Agarperoxinols A and B: Two Unprecedented Tricyclic 6/6/7 Rearranged Humulene-Type Sesquiterpenoids That Attenuated the Neuroinflammation in LPS-Stimulated Microglial Models

Chi Thanh Ma; Sang Bin Lee; In Ho Cho; Jae Sik Yu; Tianqi Huang; Tae Min Lee; Tu Loan Ly; Sung Won Kwon; Jeong Hill Park; Hyun Ok Yang

doi:10.1021/acsomega.3c05783

Agarperoxinols A and B: Two Unprecedented Tricyclic 6/6/7 Rearranged Humulene-Type Sesquiterpenoids That Attenuated the Neuroinflammation in LPS-Stimulated Microglial Models

ACS Omega. 2023 Nov 9;8(46):43873-43882. doi: 10.1021/acsomega.3c05783. eCollection 2023 Nov 21.

Authors

Chi Thanh Ma^{1

2}, Sang Bin Lee², In Ho Cho³, Jae Sik Yu², Tianqi Huang⁴, Tae Min Lee², Tu Loan Ly⁵, Sung Won Kwon³, Jeong Hill Park³, Hyun Ok Yang²

Affiliations

¹ Faculty of Pharmacy, University of Medicine and Pharmacy at Ho Chi Minh City, 41-43 Dinh Tien Hoang Street, Dist. 1, Ho Chi Minh City 700000, Vietnam.
² Department of Integrative Biological Sciences and Industry & Convergence Research Center for Natural Products, Sejong University, 209, Neungdong-ro, Gwangjin-gu, Seoul 05006, Republic of Korea.
³ Research Institute of Pharmaceutical Sciences, College of Pharmacy, Seoul National University, 1 Gwanak-ro, Gwanak-gu, Seoul 08826, Republic of Korea.
⁴ Korea Institute of Science and Technology (KIST) School, Korea University of Science and Technology (UST), 5 Hwarang-ro 14-gil, Wolgok 2(i)-dong, Seongbuk-gu, Seoul 02792, Republic of Korea.
⁵ Faculty of Pharmacy, Ton Duc Thang University, Ho Chi Minh City, 19 Nguyen Huu Tho Street, Dist. 7, Ho Chi Minh City 700000, Vietnam.

Abstract

Agarperoxinols A and B (1-2), two naturally occurring humulene-type sesquiterpenoids with an unprecedented tricyclic 6/6/7 ring, were discovered from the agarwood of Aquilaria malaccensis.
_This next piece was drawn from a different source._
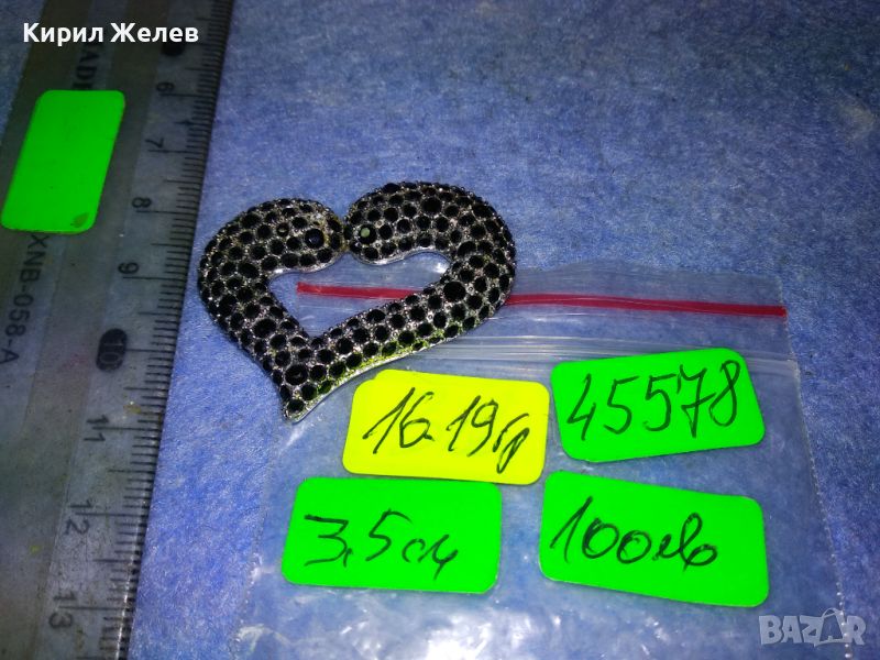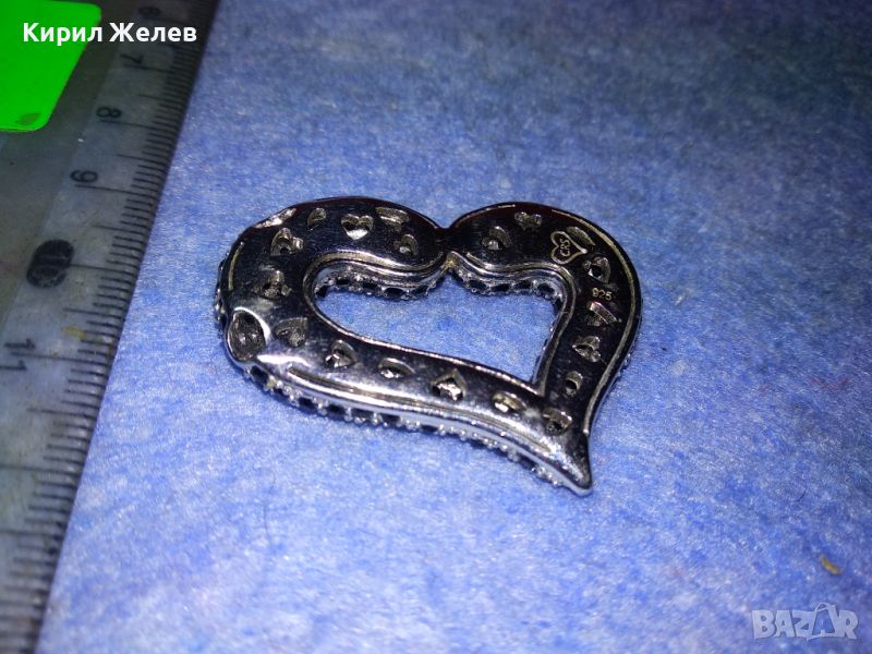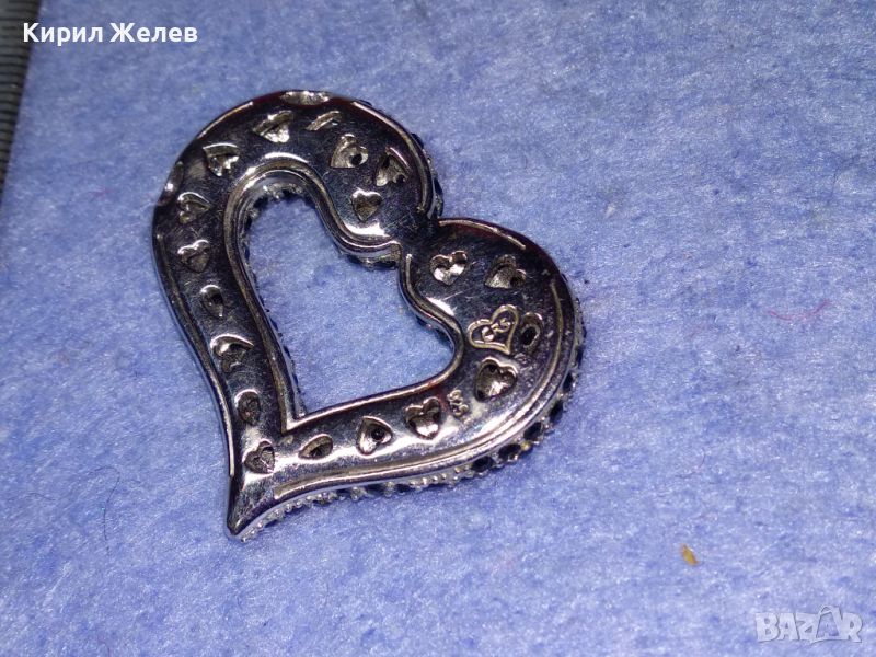 МАРКОВ СКЪПОЦЕНЕН СЪРЦЕВИДЕН СРЕБЪРЕН МЕДАЛЬОН СРЕБРО 925 CRS с ФАСЕТ МАРКАЗИТИ и БЯЛА ПОЗЛАТА 45578

Their structures were unambiguously determined by various spectroscopic data, experimental ECD calculations, and single-crystal X-ray diffraction analysis. Agarperoxinol B showed significant and dose-dependent neuroinflammatory inhibitory effects on various proinflammatory mediators, including NO, TNF-α, IL-6, and IL-1β, and suppressed iNOS and COX-2 enzymes in LPS-activated microglial cells. A mechanistic study demonstrated that agarperoxinol B remarkably inhibited the phosphorylation of the Akt and JNK signaling pathways. Agarperoxinol B also significantly reduced the expression of the microglial markers Iba-1, COX-2, and TNF-α in the mouse cerebral cortex. Our findings introduce a bioactive compound from natural products that decreases proinflammatory factor production and has application for the treatment of neurodegenerative diseases.